Fibromyalgia is a common condition of widespread pain reflecting central nervous system sensitization. To understand how to direct treatment of this complex illness one needs to understand the pathophysiology leading to abnormal spinal cord amplification of pain signals, so will start with a brief tour of our scientific understanding of fibromyalgia. With this data it will be clear why fibromyalgia pain has been notoriously resistant to standard treatments.
Fortunately there are some newer alternative pain relief treatments that specifically target the central nervous system sensitization. One of the best studied is low-dose naltrexone (LDN) which calms activated glial cells and lowers the volume of pain transmitted to the brain.

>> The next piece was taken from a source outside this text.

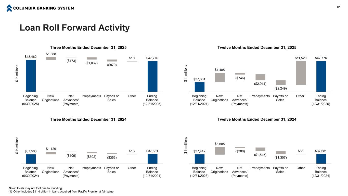 Available-for-Sale Securities Portfolio as of December 31, 2025 ($ in millions) Current Par Amortized Cost Unrealized Gains Unrealized Losses Fair Value % of Total AFS Portfolio Effective Duration Book Yield U.S. Treasuries $210 $209 $0 ($1) $209 2 % 1.6 3.59 % U.S. Agencies 1,111 1,122 $6 ($37) 1,091 10 % 2.6 2.73 % Mortgage-backed securities - residential agency 4,407 4,046 $18 ($214) 3,850 35 % 6.4 3.92 % Collateralized mortgage obligations(1) 1,732 1,573 $16 ($76) 1,514 14 % 5.9 4.03 % Obligations of states and political subdivisions 1,875 1,597 $47 ($15) 1,629 15 % 5.9 4.00 % Commercial mortgage-backed securities - agency 2,912 2,828 $29 ($38) 2,819 25 % 3.9 4.59 % Total available for sale securities $12,248 $11,376 $116 ($380) $11,112 5.2 3.99 % Percentage of current par 93% 1% (3%) 91% 11 Securities Portfolio Overview Note: Table may not foot due to rounding. (1) Portfolio includes $232 million in high-quality non-agency collateralized mortgage obligations (“CMO”) that were in a small unrealized gain position as of December 31, 2025 (amortized cost of $227 million). The remaining $1.3 billion of the portfolio is comprised primarily of residential agency CMOs. ■ The total available-for-sale (“AFS”) securities portfolio had a book yield of 3.99% and an effective duration of 5.2 as of December 31, 2025, compared to 3.97% and 5.3, respectively, as of September 30, 2025. ■ As of December 31, 2025, 57% of the AFS securities portfolio (by fair value) was in an unrealized gain position and had a weighted average book yield of 4.72%. The remaining 43% of the portfolio was in an unrealized loss position and had a weighted average book yield of 3.10%. Unrealized Gain, 57% Unrealized Loss, 43% Available-for-Sale Securities Portfolio % at Gain / Loss as of December 31, 2025

Several case studies of fibromyalgia patients using LDN in a specialty practice will be reviewed, each highlighting one important aspect of prescribing LDN for this specific population. One challenge to prescribing LDN to patients with fibromyalgia is that many utilize opiate-based medications to manage their symptoms. There are ways to overcome this, including using ultra low-dose naltrexone along with separating dosage times adequately to lessen any interactions.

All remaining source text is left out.